2. Background Information
Protection devices such as circuit breakers and overload relays in electric power distribution systems interrupt the current if certain current/time characteristics are exceeded. Specifically these protection devices have a rated current which can be maintained indefinitely. Very high currents, many times in excess of the rated current of the device, such as those associated with a short circuit, result in an instantaneous trip. Some loads, such as electric motors during start-up, draw currents in excess of rated current for a period of time. Such temporary overcurrents must be tolerated if such loads are present. However, if the motor is stalled or the overcurrent otherwise persists, the current must be interrupted to protect the load and the power conductor from overheating. The long delay trip function permits such temporary overcurrent conditions. If the current exceeds a long delay pick-up value, a long delay timing function is initiated. The time to the delayed trip is usually associated with the type of load, for instance the period of overcurrent expected for the class of the electric motor. Typically, the trip curve is set for a trip to occur if the current remains at or above a specified factor, such as 3 to 6 for instance, times the rated current for the long delay time period. However, if the current remains above the long delay pick-up value but below the selected factor times the rate of current, a trip will occur at a time which is an inverse function of the magnitude of the overcurrent. Various inverse time functions can be used, but most commonly an I.sup.2 t function (where I is the current and t is the time in seconds) is used.

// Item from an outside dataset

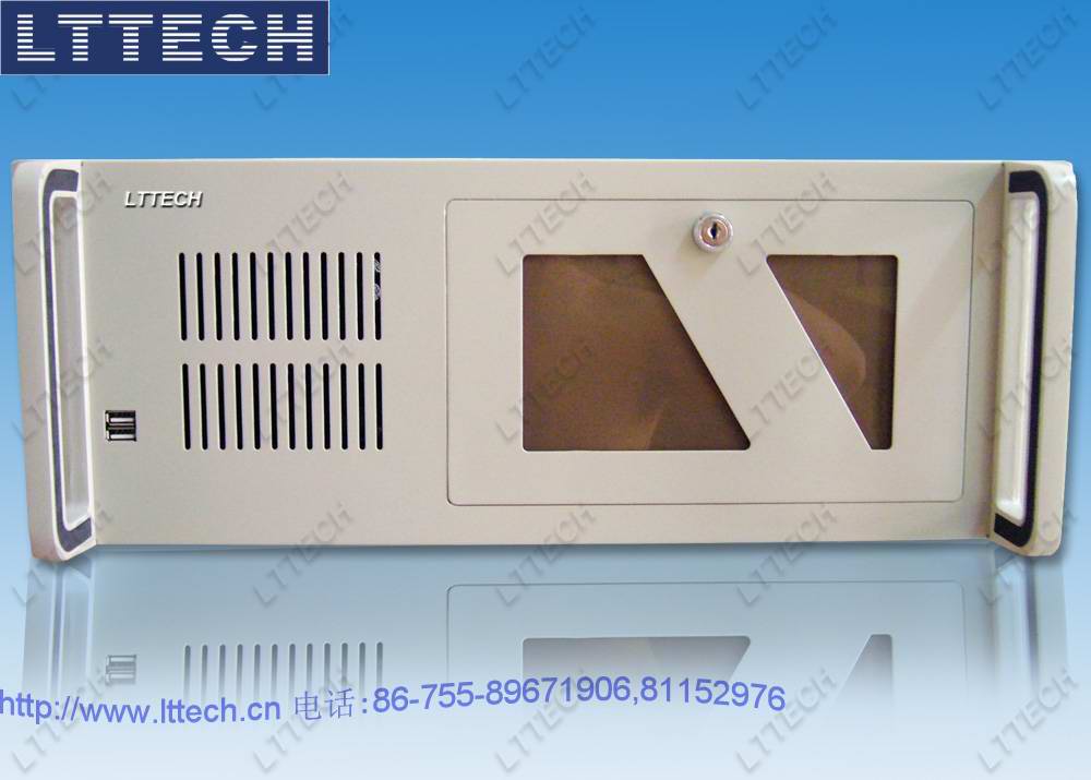 4u高度工业机箱,19"上架机箱,符合EIA-310C上架标准,支持多种ATX12"*9.6"普通商用电脑主板及14槽ISA/PCI/PICMG工业无源底板,支持9个3.5"硬盘,2个5.25"光驱,1个软驱驱动器空间,或12个3.5"驱动器空间,支持普通标准ps/2电源

Typically, projection devices are provided at several levels in the electric power distribution system. Thus, a main circuit breaker is used in the main bus and additional circuit breakers are provided in the feeder circuits and typically in the branch circuits also, the later of which may further include an overload relay and a starter for a motor. This creates a hierarchy of protection devices with the main circuit breaker at the top and the branch circuit breakers or the overload relays at the bottom. It is desirable to have the lowest circuit breaker possible in the hierarchy respond to a fault or overcurrent condition to minimize disruption of service. This requires coordination of the operation of the protection devices which is implemented by a short delay trip function. The short delay trip function allows a circuit breaker to tolerate an overcurrent of a magnitude which is greater than the long delay pick-up value but less than the instantaneous trip value for a short interval of time in order to allow a lower circuit breaker in the hierarchy to respond.

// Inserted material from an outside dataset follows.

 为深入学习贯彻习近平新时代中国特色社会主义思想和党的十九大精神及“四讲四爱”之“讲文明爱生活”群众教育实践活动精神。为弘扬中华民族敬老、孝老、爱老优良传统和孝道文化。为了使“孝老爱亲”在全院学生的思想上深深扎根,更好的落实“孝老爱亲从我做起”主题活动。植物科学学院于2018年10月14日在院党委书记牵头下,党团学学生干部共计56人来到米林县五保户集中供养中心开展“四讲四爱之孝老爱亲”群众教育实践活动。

Coordination of the trip curves of the circuit breakers in an electric power distribution system has traditionally been implemented by drawing the protection curves for the circuit breakers on separate transparencies which are overlaid. If satisfactory margins between the overlaid curves do not exist, the parameters of the affected circuit breakers are adjusted and replotted until satisfactory margins are realized. This coordination process requires a highly skilled engineer. The various parameter values for each of the circuit breakers are given to a technician who enters them into the respective devices. This process is time consuming, costly, and subject to human error.
It is known to display individual trip curves on a computer monitor where the curve can be adjusted by textual entries of the various parameters. Separately, it is known to download circuit breaker parameter values from a remote computer using network communications. This potentially reduces the human errors associated with inserting the correct parameter values in the correct circuit breaker. However, there is no comprehensive system or process for improving the integrity and reducing the required time and cost of coordinating the trip curves of protection devices in an electric power distribution system.

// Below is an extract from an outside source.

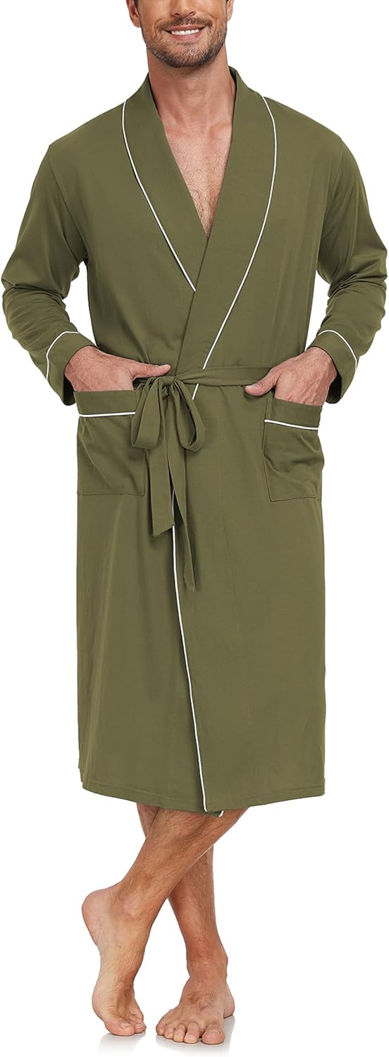 EA'S SECRET Men's 100% Cotton Robes Lightweight Long Sleeve Kimono Bathrobe Soft Over the Knee Sleepwear

Hence, there remains a need for improved apparatus and a method for coordinating the trip curves of the protection devices in an electric power distribution system.
More particularly, there is a need for such an improved method and apparatus which improves the integrity of the coordination of the protection devices while reducing the cost, time and number and skill of personnel required.
There is also a need for improved apparatus and a method for adjusting the trip curve of an individual circuit breaker.